2. Line 14. The confidence_interval field on VerdictResult is doing heavy lifting for absolutely no reason. We're computing it as a trivial multiplier of the score (lines 59-60), then printing it in the report like it means something. This is cargo cult statistics, my friend.
3. Lines 20-32. Hand-rolling a TOML parser with regex-like line searching is a smell. The crate ecosystem has toml and serde_toml that would handle edge cases, nested tables, and inline tables correctly. This implementation breaks on valid TOML variations.
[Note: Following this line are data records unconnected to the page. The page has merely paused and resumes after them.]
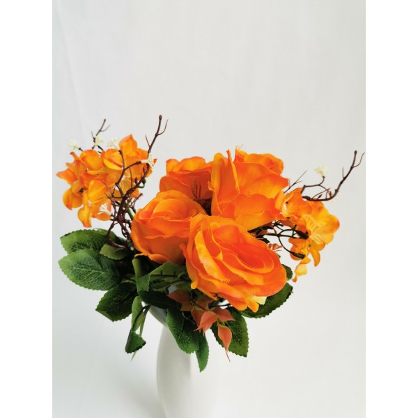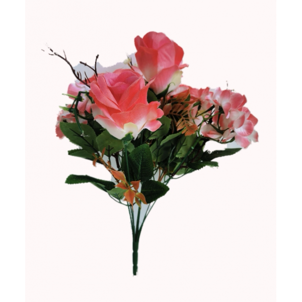 Kytice růže mix s hortenzií. Celkem 7 květů + přízdoba. Materiál je textil a plast. V. 46 cm; květy 8x7 cm. Moc pěkné. 6 barevných variant.
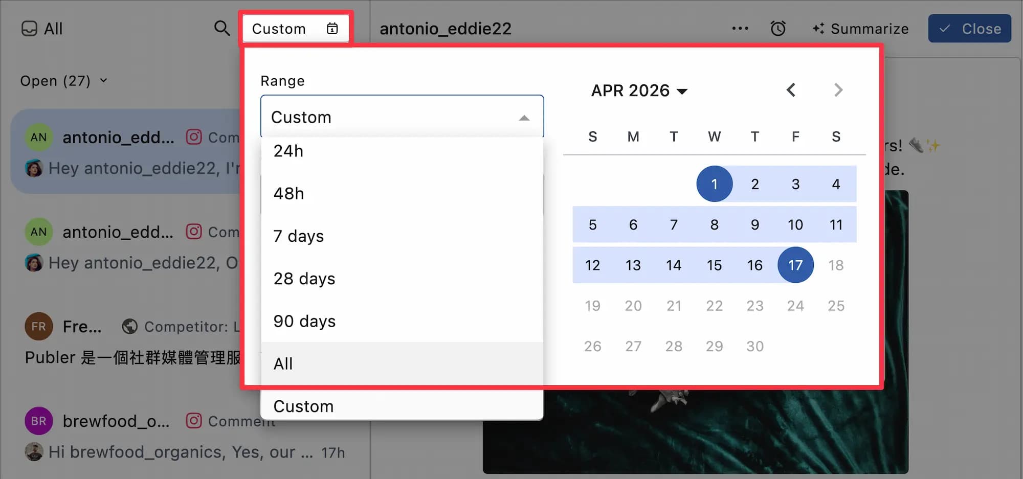 日付範囲によるフィルタリングには、エンゲージ内全体の会話数を計算するために使用されるデータセットが使用されます。その関係ですべてのビューが更新され、新しい日付範囲内の会話数が表示されます。この変更は個人のStatusbrew内で起こり、他のチームメンバーには影響しません。日付範囲の変更はあくまでも個人的な設定となります。
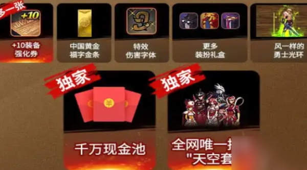 其中包含装备强化券,中国黄金,特效伤害字体,装备礼盒等。
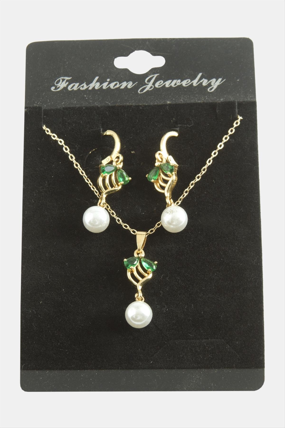Çiçek İnci Zirkon Taşlı Set Kolye-Yeşil

4. Lines 53-57. The comment says we would 'call crates.io API' but we're just hashing the crate name deterministically. This means running the tool twice gives the same verdict regardless of whether the crate was yanked or the maintainer quit. Dead code path for any real functionality.
5. Line 46. The method signature says async fn but it never awaits anything. This function is not actually asynchronous, so declaring it with async and then using #[tokio::main] creates unnecessary overhead for what could be a synchronous operation.
6. Lines 72-85. The generate_comprehensive_report method mutates self just to update cached_verdicts which is never read afterward. The mutation serves no purpose. Consider SOLID principles like Command-Query Separation, not everything needs to modify state.
7. Lines 92-104. The error handling at line 100 silently swallows metadata fetch failures and prints to stderr while continuing. This masks real issues. Either fail fast or return a proper Result<Option<Verdict>>. The current approach hides bugs behind casual error messages.